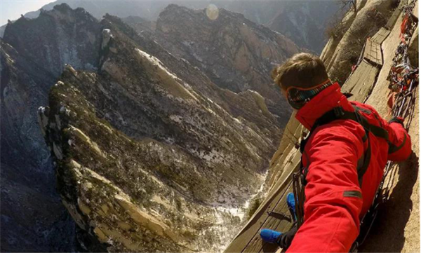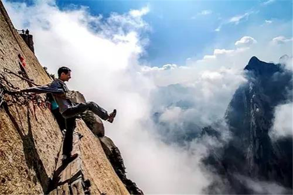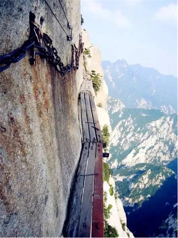 我站在华山两块窄窄的木板上,依靠铁钉楔入岩石作为支撑,我的脚下,是1000米的深谷,冰雪的路面很滑。我来华山旅游纯粹是因为在互联网上疯传的一张图片,也就是指“世界上最危险的登山路”那张。现在有了安全保护措施,实际上用不着担心危险了。恐惧慢慢涌上心头,头脑变得有些麻木。西安是中国的古城,在强盛朝代时期占有重要的历史地位。
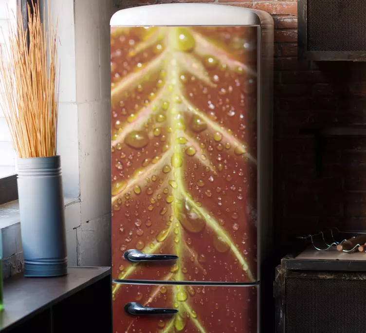 ¡Transforma tu refrigerador en una obra de arte con nuestro vinilo para nevera gotas de agua en hojas! Este diseño único presenta una hermosa hoja de maranta, donde las gotas de agua parecen resbalar sobre la textura verde de la naturaleza. Ideal para quienes buscan darle un toque floral y fresco a su nevera, este vinilo es perfecto para cualquier frigorífico o heladera. ¡Deja que tu cocina respire vida!
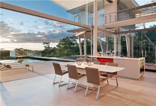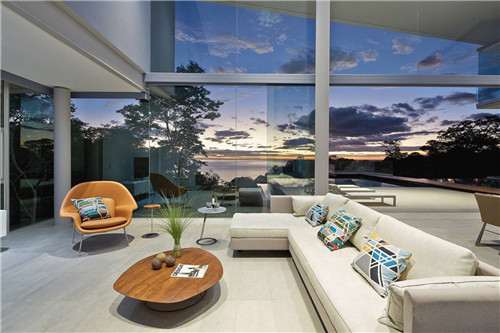 別墅根據特殊的地勢而建,背山朝海,建筑師采用大面積的透明玻璃作為主要的空間分割,將自然景色引入室內,大飄蓬的屋頂起到了很好的遮陽作用,整個設計展現出了設計師對自然環境細致的關懷。
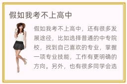 假如我考不上高中,还有很多发展途径,比如选择普通的中专院校,找到自己喜欢的专业,掌握一项专业技能,工作有更明确的方向。另外,也有很多同学会选择出国留学,经过雅思的托福之后,可以报考外国的高中院校。中专有哪些热门专业,中专的热门专业很丰富,比如计算机专业,建筑专业,软件工程专业,人工智能专业,以及设计专业等。这些专业热度高,竞争压力较大,同学要有过硬的技术,才能在众多同事中脱颖而出。中专院校就业难度并不算高,因为中专院校的学生也可以找到很多基础性的工作。但是要知道,中专院校的学历比较吃亏,如果想要在某个行业中有更大的发展,中专院校的学生往往在技术层面上可能不如他人,很难拥有理想的优势,因此大家要多多准备。
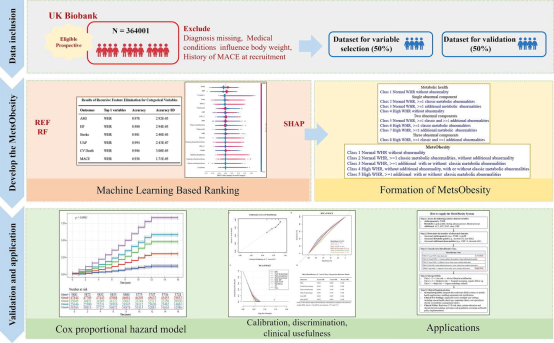 本图展示了基于UK Biobank 34万余人的前瞻性队列,通过机器学习构建 MetsObesity五层级肥胖代谢风险评估模型,进一步验证其在15年心血管事件预测中的区分度、校准度及临床应用价值的完整研究流程。
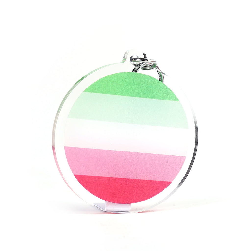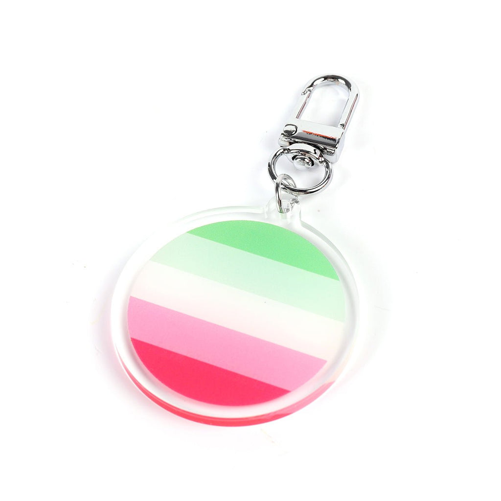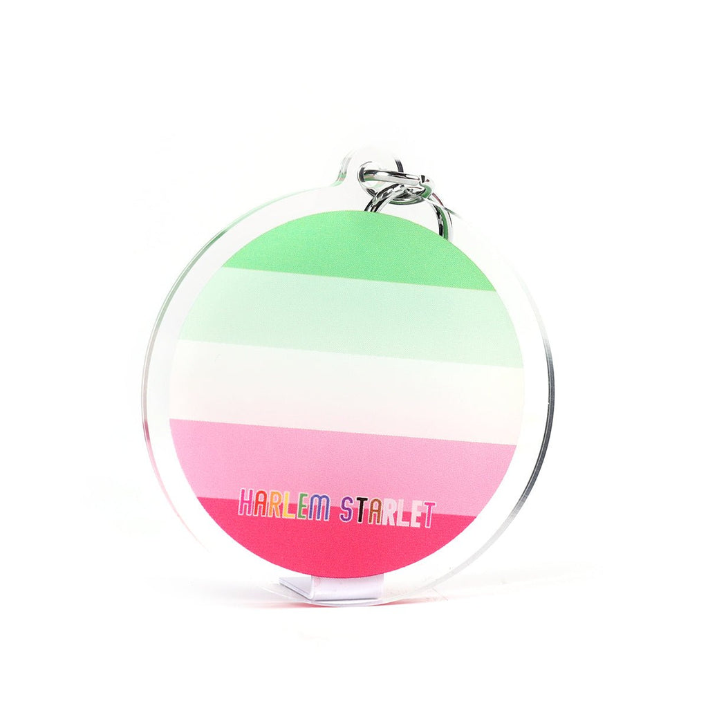 This keyring features a circular Abrosexual Flag design in Green, White and Pink stripes with a clear edges. It measures 50mm x 50mm round and has a good sized, sturdy carabiner style metallic clip. The keyring is double sided and is a plain flag on one side, the reverse side has Harlem Starlet in the progress flag colours written down the bottom.
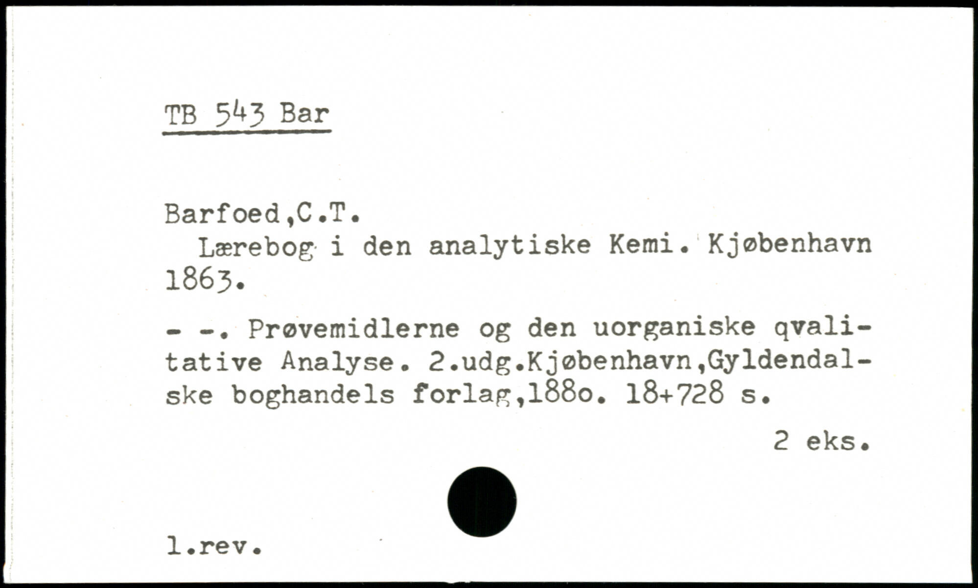TB 5^3 Bar Barfoed,C.T. Lærebog i den analytiske Kemi. Kjøbenhavn 1863. - Prøvemidlerne og den uorganiske qvali-tative Analyse.
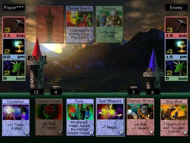 这个游戏还有一个特色,或许也是 RPG 历史上最好的小游戏。在《巫师 3(Witcher 3)》的昆特牌(Gwent)出现之前还有个名叫魔幻牌(Arcomage)的小游戏。魔幻牌毫无疑问是一个更有深度、更平衡的集换式卡牌游戏,时至今日还有线上的多人游戏大厅。
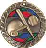 The Stained Glass Baseball medal depicts a helmet, baseball and bat.
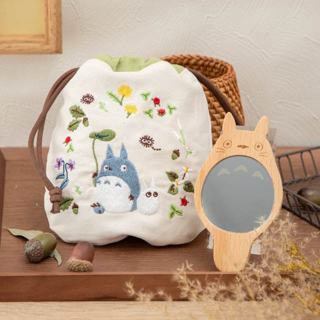 ▼ A Totoro-shaped hand mirror and a drawstring bag embroidered with spring wildflowers.
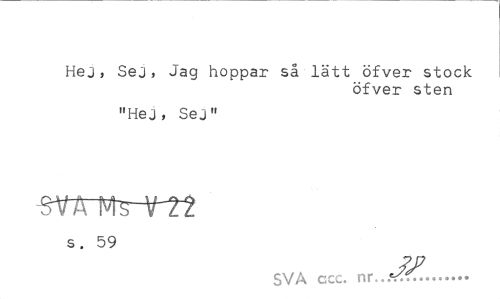 //// Hej, Sej, Jag hoppar så lätt öfver stock //// öfver sten //// "Hej, Sej" //// erfrm^ni //// s. 59 //// SVA ccc. nr...v;f... ////

» Work request:
With the images excluded, output every record verbatim.

» Answer box:
 我站在华山两块窄窄的木板上,依靠铁钉楔入岩石作为支撑,我的脚下,是1000米的深谷,冰雪的路面很滑。我来华山旅游纯粹是因为在互联网上疯传的一张图片,也就是指“世界上最危险的登山路”那张。现在有了安全保护措施,实际上用不着担心危险了。恐惧慢慢涌上心头,头脑变得有些麻木。西安是中国的古城,在强盛朝代时期占有重要的历史地位。
 ¡Transforma tu refrigerador en una obra de arte con nuestro vinilo para nevera gotas de agua en hojas! Este diseño único presenta una hermosa hoja de maranta, donde las gotas de agua parecen resbalar sobre la textura verde de la naturaleza. Ideal para quienes buscan darle un toque floral y fresco a su nevera, este vinilo es perfecto para cualquier frigorífico o heladera. ¡Deja que tu cocina respire vida!
 別墅根據特殊的地勢而建,背山朝海,建筑師采用大面積的透明玻璃作為主要的空間分割,將自然景色引入室內,大飄蓬的屋頂起到了很好的遮陽作用,整個設計展現出了設計師對自然環境細致的關懷。
 假如我考不上高中,还有很多发展途径,比如选择普通的中专院校,找到自己喜欢的专业,掌握一项专业技能,工作有更明确的方向。另外,也有很多同学会选择出国留学,经过雅思的托福之后,可以报考外国的高中院校。中专有哪些热门专业,中专的热门专业很丰富,比如计算机专业,建筑专业,软件工程专业,人工智能专业,以及设计专业等。这些专业热度高,竞争压力较大,同学要有过硬的技术,才能在众多同事中脱颖而出。中专院校就业难度并不算高,因为中专院校的学生也可以找到很多基础性的工作。但是要知道,中专院校的学历比较吃亏,如果想要在某个行业中有更大的发展,中专院校的学生往往在技术层面上可能不如他人,很难拥有理想的优势,因此大家要多多准备。
 本图展示了基于UK Biobank 34万余人的前瞻性队列,通过机器学习构建 MetsObesity五层级肥胖代谢风险评估模型,进一步验证其在15年心血管事件预测中的区分度、校准度及临床应用价值的完整研究流程。
 This keyring features a circular Abrosexual Flag design in Green, White and Pink stripes with a clear edges. It measures 50mm x 50mm round and has a good sized, sturdy carabiner style metallic clip. The keyring is double sided and is a plain flag on one side, the reverse side has Harlem Starlet in the progress flag colours written down the bottom.
TB 5^3 Bar Barfoed,C.T. Lærebog i den analytiske Kemi. Kjøbenhavn 1863. - Prøvemidlerne og den uorganiske qvali-tative Analyse.
 这个游戏还有一个特色,或许也是 RPG 历史上最好的小游戏。在《巫师 3(Witcher 3)》的昆特牌(Gwent)出现之前还有个名叫魔幻牌(Arcomage)的小游戏。魔幻牌毫无疑问是一个更有深度、更平衡的集换式卡牌游戏,时至今日还有线上的多人游戏大厅。
 The Stained Glass Baseball medal depicts a helmet, baseball and bat.
 ▼ A Totoro-shaped hand mirror and a drawstring bag embroidered with spring wildflowers.
 //// Hej, Sej, Jag hoppar så lätt öfver stock //// öfver sten //// "Hej, Sej" //// erfrm^ni //// s. 59 //// SVA ccc. nr...v;f... ////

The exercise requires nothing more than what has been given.